Then she said, “Sit still, my daughter, until you know how the matter will turn out; for the man will not rest until he has concluded the matter this day.” | Ruth 3:18
I went back to visit the schoolyard where I had spent several years of childhood. The schoolyard with tether-ball and a baseball diamond, hopscotch and red brick walls.
The brick walls seemed higher then — constraining, but safe.
Today, they didn’t seem high at all.
I walked to the bench at the edge of the schoolyard, the invisible boundary line where all the children knew not the cross. The wooden bench, where we discussed our secrets and sorrows. Ahh, sorrows… What did we know of sorrow then?

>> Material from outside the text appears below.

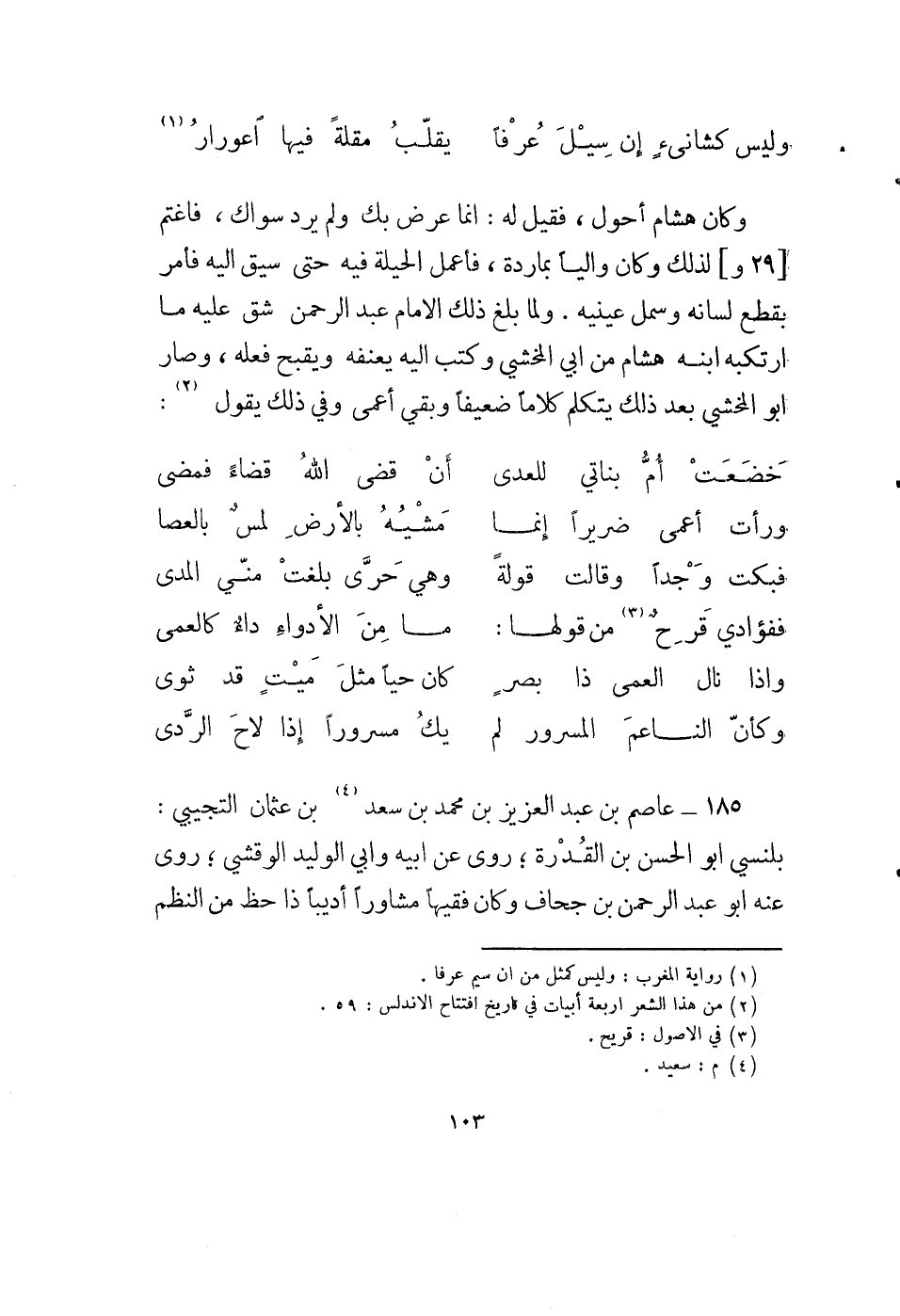 وليس كشانئ إن سيل عرفاً ... (1) يقلب مقلة فيها اعورار وكان هشام أحول، فقيل له: إنما عرض بك ولم يرد سواك، فاغتنم [29 و] لذلك وكان والياً بماردة، فأعمل الحيلة فيه حتى سيق إليه فأمر بقطع لسانه وسمل عينيه. ولما بلغ ذلك الإمام عبد الرحمن شق عليه ما ارتكبه ابنه هشام من أبي المخشي وكتب إليه يعنفه ويقبح فعله، وصار أبو المخشي بعد ذلك يتكلم كلاماً ضعيفاً وبقي أعمى وفي ذلك يقول (2) :
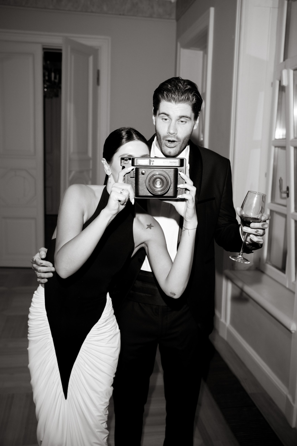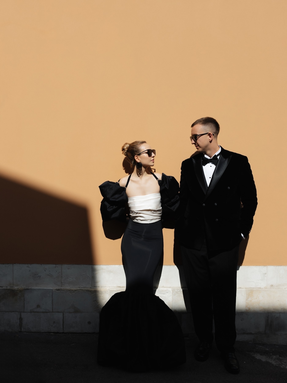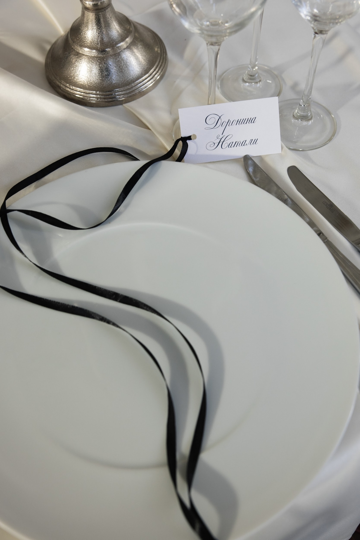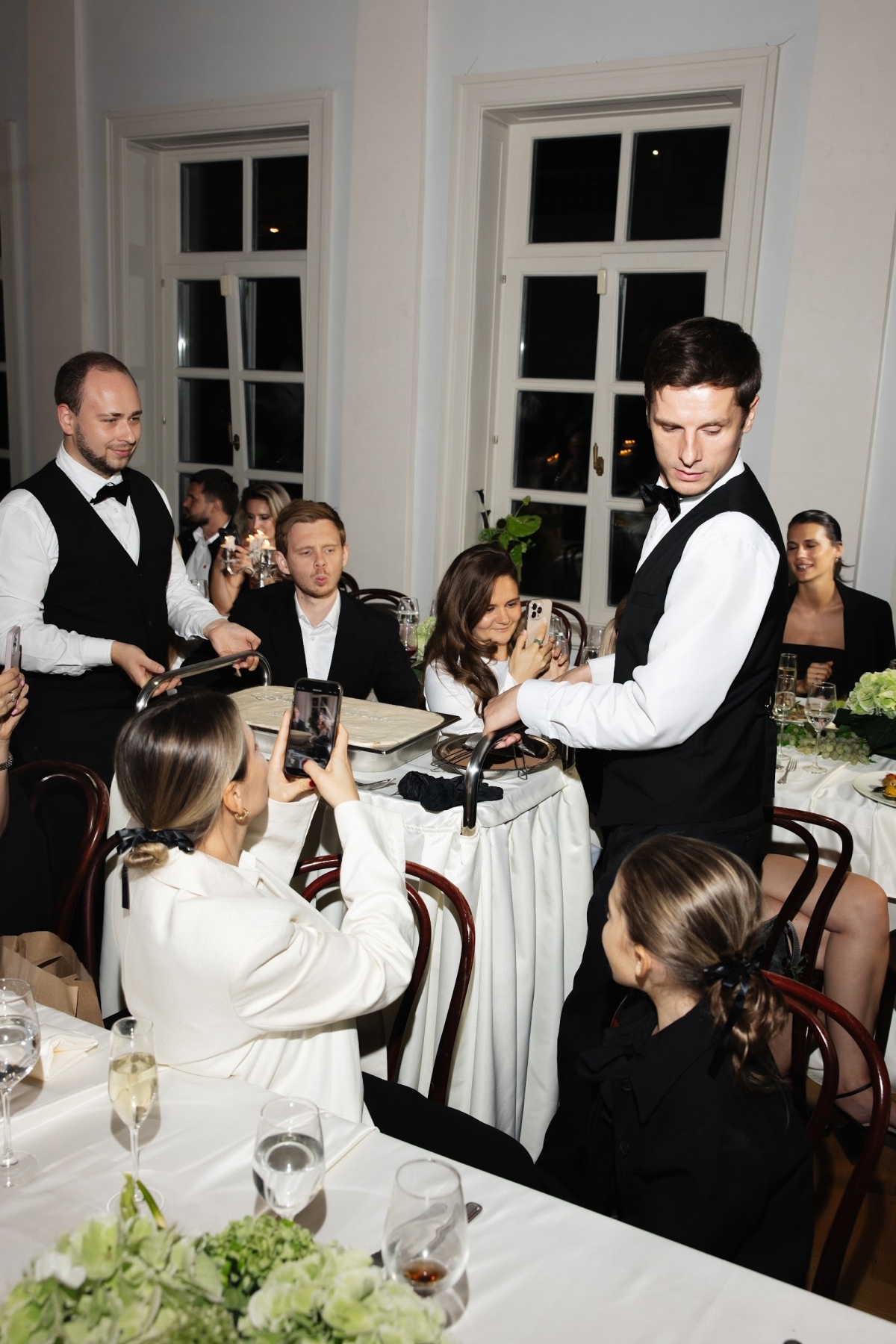 Я разработала дресс-код в черно-белой гамме — универсальной, эффектной на фотографиях и удобной для гостей. Из опыта подготовки клиентов к свадьбам в пастельной палитре знала, как сложно самим найти подходящий наряд: большинство брендов шьют вещи только в базовых тонах. Поэтому выбор оказался очевидным, и все гости выдержали его безупречно. Мужчин попросили прийти в смокингах. Для удобства я подготовила style guide: для дам собрала идеи нарядов на любой бюджет, а для мужчин — список мест, где можно арендовать, купить или заказать костюм.

The things that we thought we would break us.
The fears and dreams of our futures.
Our friends and foes, though at times, we hardly knew which was which.
And in time, many of them proved to be neither; they simply became a part of our memory, so foggy that you wonder if they were ever really there at all.
At what point did this become true?
What are the expectations?
At what point does one deserve this title?
At what point is this taken away?
It was easy as children…
When our minds and actions spoke true.
We learn to shield ourselves from the cold; we brace ourselves for the coldness of words and actions, real or imagined.
Truth and trust are lost, one after another.
And trust, once lost, destroys the roots of friendship.
It uproots it altogether, or slowly wither the roots until one day ,when you lean on the tree and it tumbles over; it was dead, and we didn’t know it.
How do you save it? How do you save a friend? A friendship?
(This wasn’t what I had planned to write at all.)
You teach that we can find the answers in ourselves.
But you see, all that you find in ‘self’ is sorrow.
The depths of our hearts is misery.
It is a black hole of confusion.
The answer is not in the ‘self.’
You had asked for friendship when we were no longer children.
Did I do all that was fit for me to do as a friend?
But this isn’t for me to defend myself.
No, but I am here, friend, to let you see what a friend would do.
(And though the best of friends may fail, He doesn’t.)
He’s a Friend who takes my sorrows and burdens and I can trust that in His hand, that burden is cared for.
The winds of fall and winter have started to blow of late.
I look at the trees in the forest, and wonder if any of them should tumble at the next storm. (Would ours?)
I’ve told Him about it, my fear for the trees.
He told me He knows, and it’s in His hands.
These days, the wind still blows.
But me, I’m learning to sit still.
—-Matthew Henry on Ruth 3 —-
- To be satisfied in what was done: Sit still, my daughter, till thou know how the matter will fall (Ruth 3:18)–how it is decreed in heaven…
She had done all that was fit for her to do, and now she must patiently wait the issue and not be perplexed about it. Let us learn hence to cast our care upon providence, to follow that and attend the motions of it, composing ourselves into an expectation of the event, with a resolution to acquiesce in it, whatever it be. Sometimes that proves best done for us that is least our own doing. “Sit still, therefore, and see how the matter will fall, and say, Let it fall how it will, I am ready for it.”
- [He], having undertaken this matter, would approve himself a faithful careful friend: He will not be at rest till he have finished the matter. Though it was a busy time with him in his fields and his floor, yet, having undertaken to serve his friend, he would not neglect the business…
Much more reason have good Christians to be careful for nothing, but cast their care on God, because he has promised to care for them: and what need have we to care if he do? Sit still, and see how the matter will fall, for the Lord will perfect that which concerns thee, and will make it to work for good to thee, Ps. 37:4, 5; 138:8. Your strength is to sit still, Isa. 30:7.